A mensagem é que sob a perspectiva de D'us, sua vida individual e seu destino contêm valor e significado. Se você “morrer”, D'us espera que todos sintam a dor, para tomar parte no caminho da introspeccão. Sua jornada, sua luta, seu futuro são da maior importância para D'us, para o mundo, para a história. Saiba que toda ação conta, que cada palavra tem poder infinito. Construa cada dia da sua vida como se fosse uma obra de arte. Agora entenderemos por que a providência fez Yaacov ensinar essa lição a Yossef horas antes de ele ser atirado a uma nova realidade infernal. Pois esta foi a mensagem que salvou um Yossef vulnerável de cair no abismo, após ser brutalmente separado de uma cidade abrigada e sagrada e ser jogado no “campo” mais depravado da terra.

A última lição que Yossef ouviu do pai imbuiu-o com a convicção inabalável de que sua vida, cada momento dela, era eternamente importante; que suas escolhas tinham significado divino.

Vinte e dois anos depois, quando Yaacov soube que Yossef não esquecera aquela última lição, a alma de um pai foi trazida de volta à vida. Yaacov reconheceu que apesar de todo o sofrimento e abuso que Yossef passou, não perdera a centelha interior que dá à nossa vida nobreza e significado intermináveis.

Este ensaio é baseado numa palestra do Rebe em agosto de 1981


Notas

1. Midrash Rabah Vayigash 94:3; Tanchumah Vayigash seção 11; Rashi sobre Bereshit 45:27-2
2. Bereshit 37:12-41:45.
3. Bereshit 45:26-27
4. Devarim 21:1-2
5. Soteh 44b.

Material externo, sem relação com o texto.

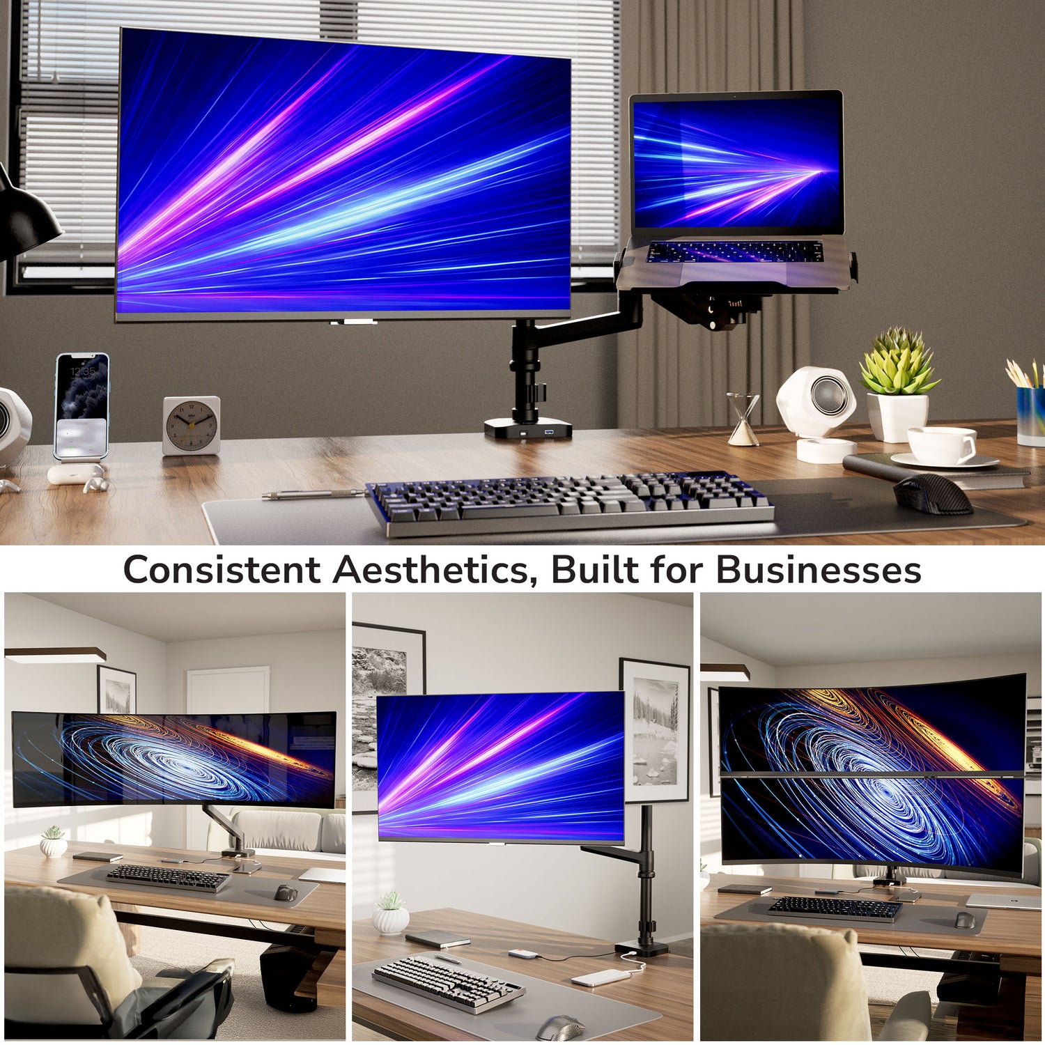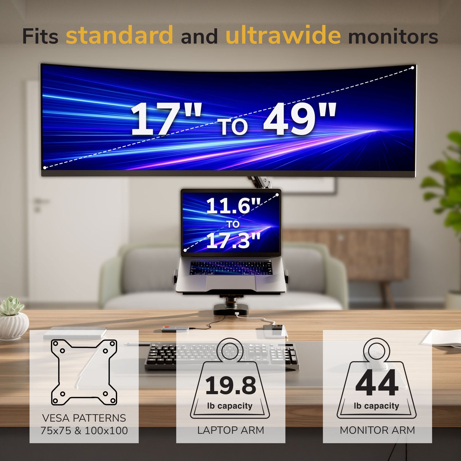 Mount-It! Heavy-Duty Monitor and Laptop Mount with Pole and Gas Spring Arms for monitors up to 49" Ultrawide | MI-12008
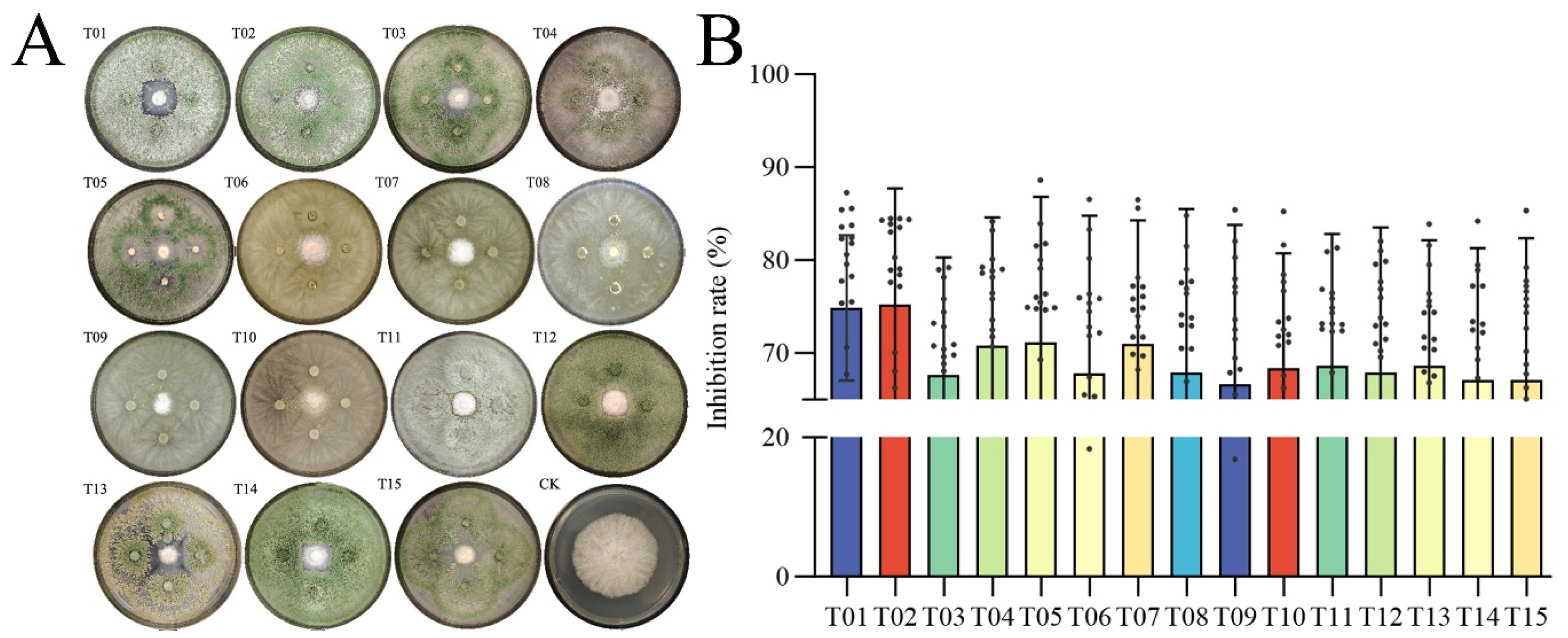 Figure 5. Fusarium abundance and antagonism. (A) Images of the inhibition of Fusarium by Trichoderma groups after 72 h of co-culture. (B) Inhibition rate of the 15 Trichoderma groups against 18 Fusarium groups. In plot (B), bars represent the mean inhibition rate for each Trichoderma group against all tested Fusarium groups, error bars indicate the standard deviation, and individual points show the inhibition rate against each of the 18 Fusarium isolates.
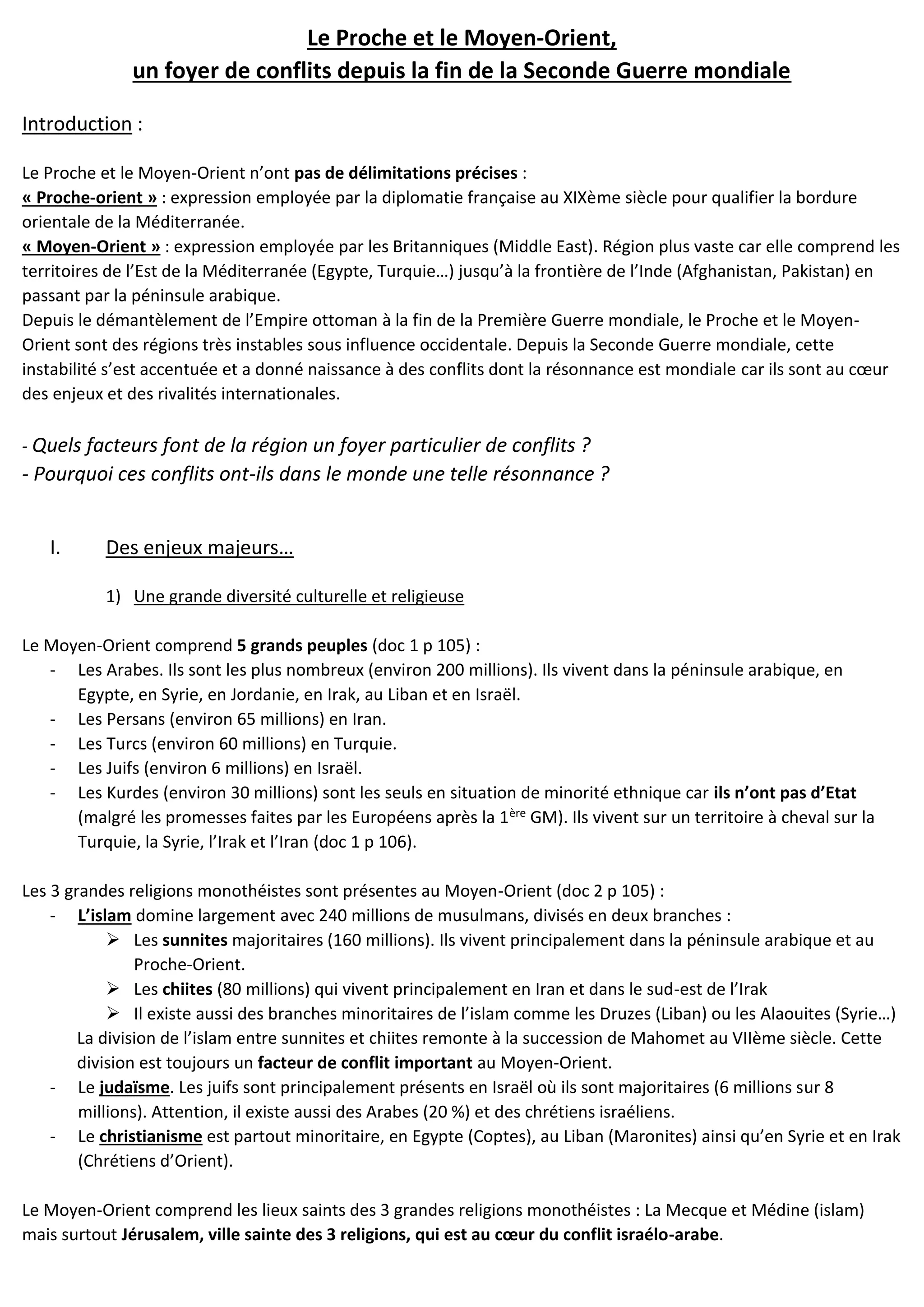 Le Proche et le Moyen-Orient, zones riches en ressources et culturellement diversifiées, sont des foyers de conflits depuis la fin de la Seconde Guerre mondiale, exacerbés par des rivalités internationales et des rivalités religieuses. Les conflits, tels que le conflit israélo-arabe et les rivalités d'influence entre les États-Unis et l'URSS, ont des répercussions mondiales en raison de l'importance géostratégique de la région. La quête de contrôle des ressources, notamment l'eau et le pétrole, ainsi que des questions politiques et territoriales, continuent d'alimenter des tensions et des conflits durables.
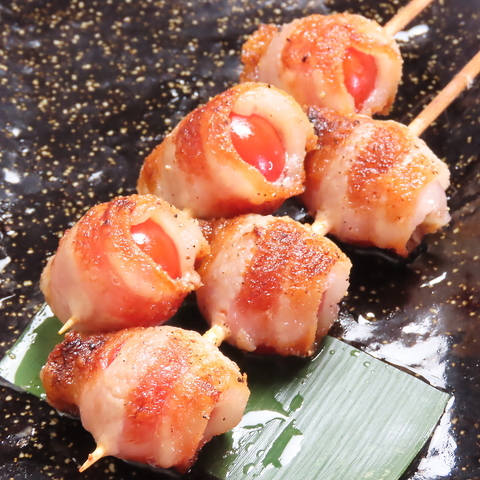 【本酒場名物!肉野菜巻き】能登産豚バラは一本一本焼いており、野菜肉巻きや変わり串など、多種多彩な肉巻き串を当店ではご提供!ヘルシーなので女性にも大人気です!是非ご堪能ください♪※串2本から注文可能です。
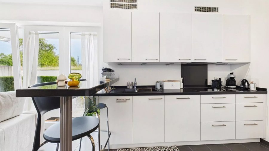 Квартира включает в себя: прихожую с гардеробом, светлую гостиную с современной открытой кухней и прямым выходом на террасу, просторную и функционально оформленную спальню, а также современную душевую комнату с туалетом. В дополнение имеется частное парковочное место в безопасном подземном гараже и индивидуальный подвал для хранения.
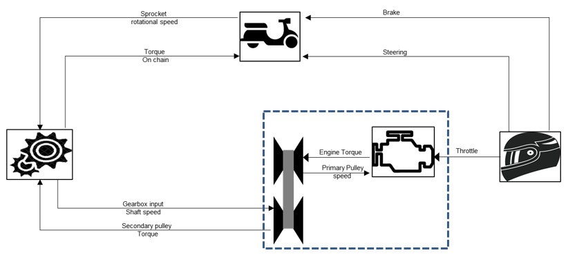 Altair MotionView’daki İki Tekerlekli Araç Kütüphanesi, Scooter modelleri için bir CVT (Sürekli Değişken Şanzıman) Güç Aktarma Organları içerir. Altair CVT Güç Aktarma Organları, Kontrol Durumu Denklemleri (CSE) şeklinde CVT’li bir otomobil IC motor güç aktarma organını temsil eden matematiksel bir formülasyondur.
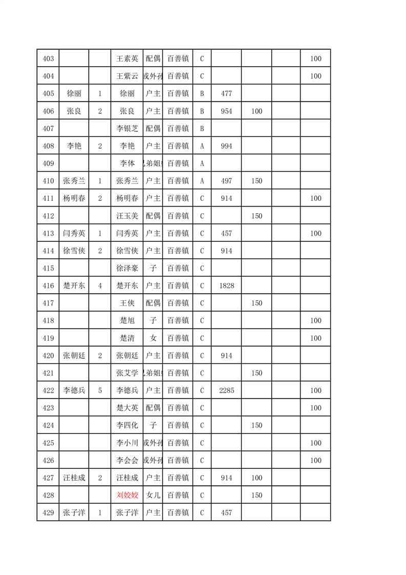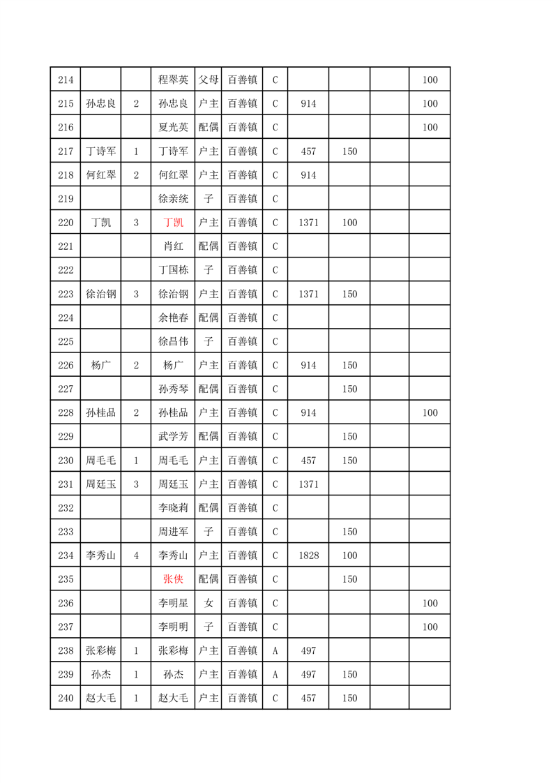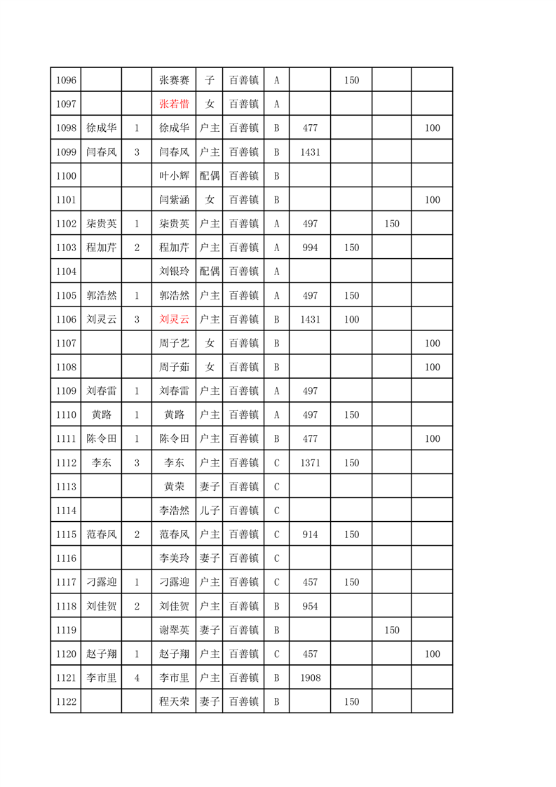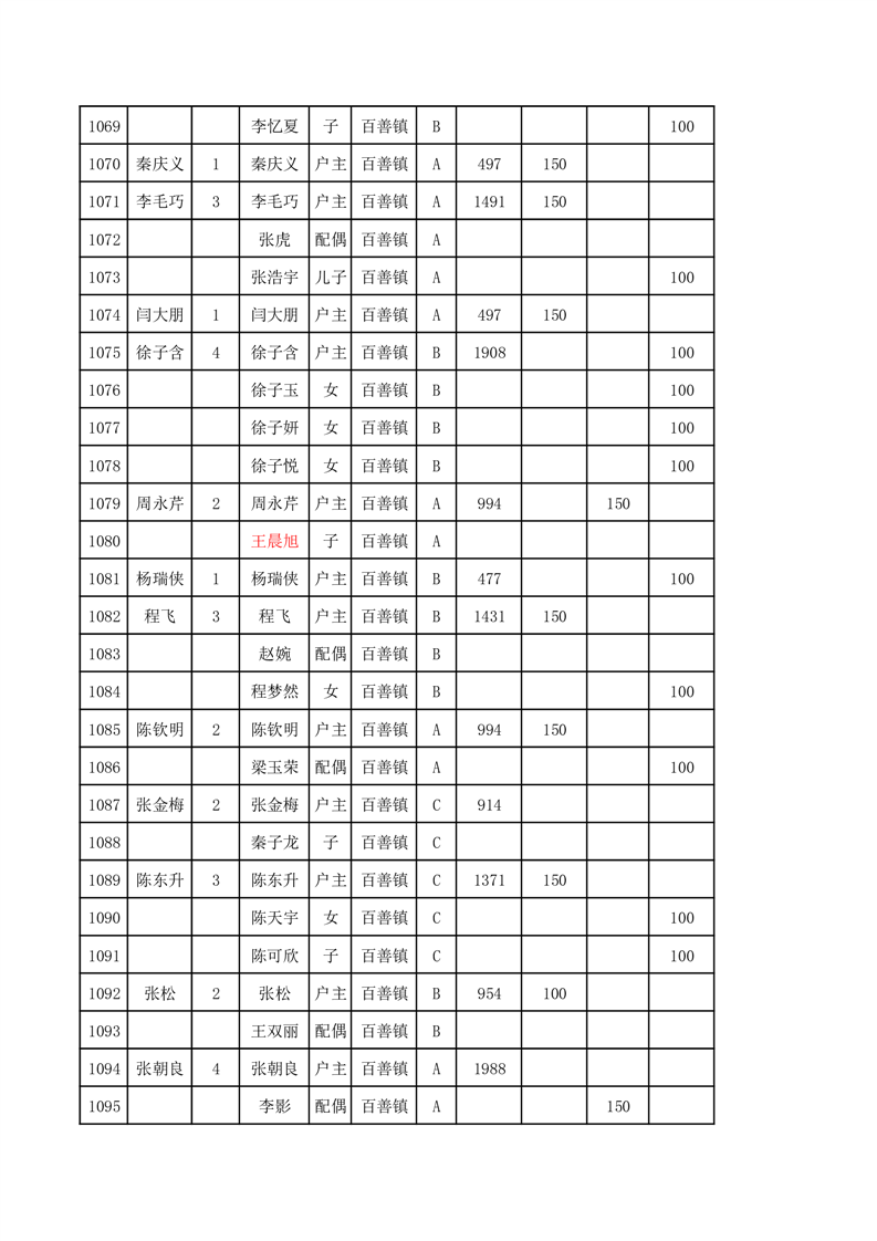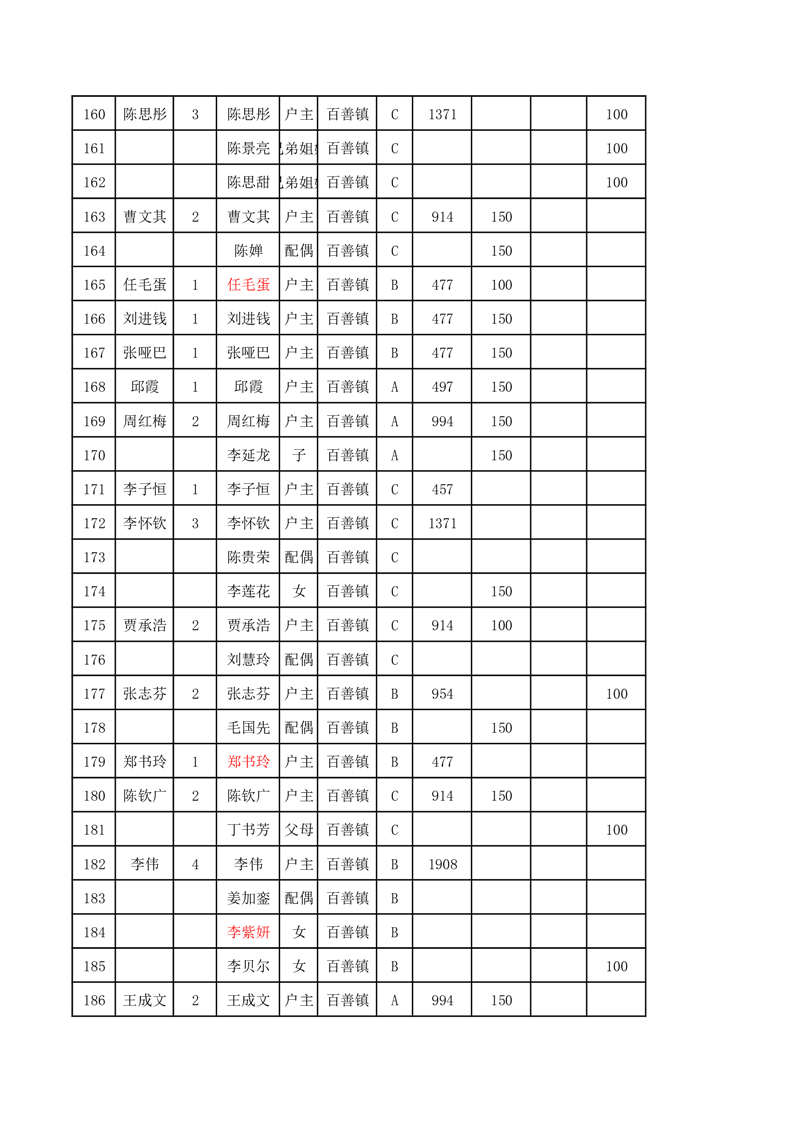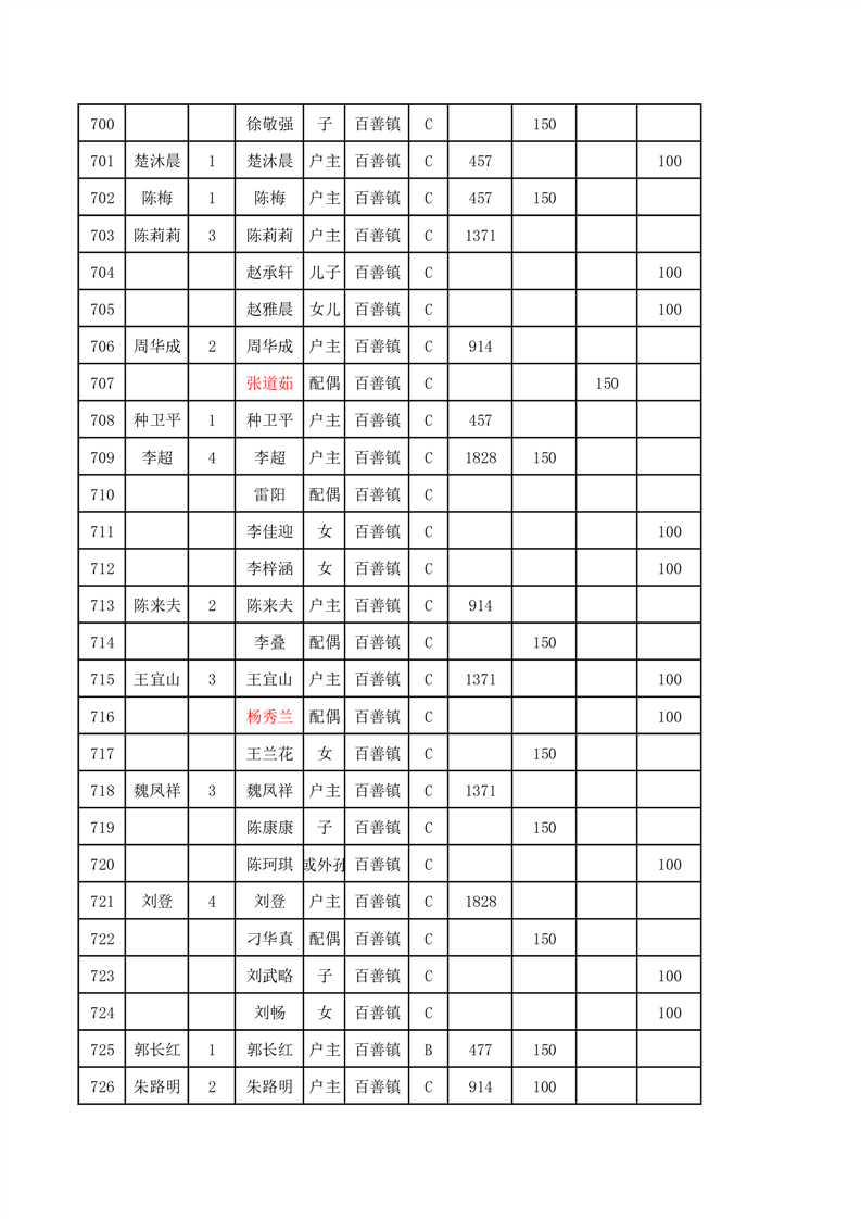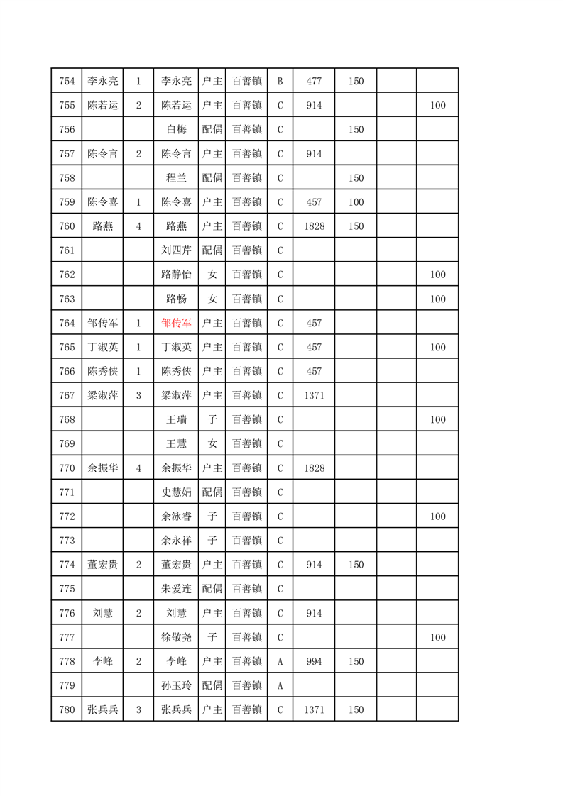 濉溪县百善镇2026年1月农村居民最低生活保障人员花名册

Citado por Rashi sobre Devarim ibid.
6. O heifer foi decapitado. Há uma tradição midráshica divergente de que o heifer foi meramente atingido no pescoço e portanto pôde fugir e encontrar a casa do assassino (Midrash Agadah; Bechaya).
7. Devarim 21:3-8
8. Ibid. Versículos 8-9
9. Outro ponto em questão: Pelo Midrash parece que o espírito de Yaacov foi revivido primeiramente por causa da informação que ele recebeu de que Yossef lembrava tão bem da lição final. Porém isso parece incompleto: a notícia de que Yossef estava vivo era insuficiente para restaurar a vida e a alegria de Yaacov? (Veja Likutei Sichot vol. 30 pág. 222).
10. Veja Rambam, Guia para os Perplexos 3:40, citado em Ramban e Bechaya sobre Devarim 21:1. Cf. Sefer HaChenuch Mitsvá 530 e Abarbenel sobre a Parsah. Veja também Kesef Mishnah sobre Hilchot Rotzach 10:6, Behaya sobre Devarim 21:1. Ramban ibid. Cf Likutei Sichot vol. 24 págs. 126-8 e na nota #59 e referências ali anotadas.
11. Soteh 45 b. Citado em Rashi ibid. 21:7.
12. Bereshit 25:27
13. Or Hatorah sobre Bereshit ibid (pág. 142b); Likutei Torah Reah pág. 32b; referências notadas em Likutei Sichot vol. 30 pág. 223 nota nš 17.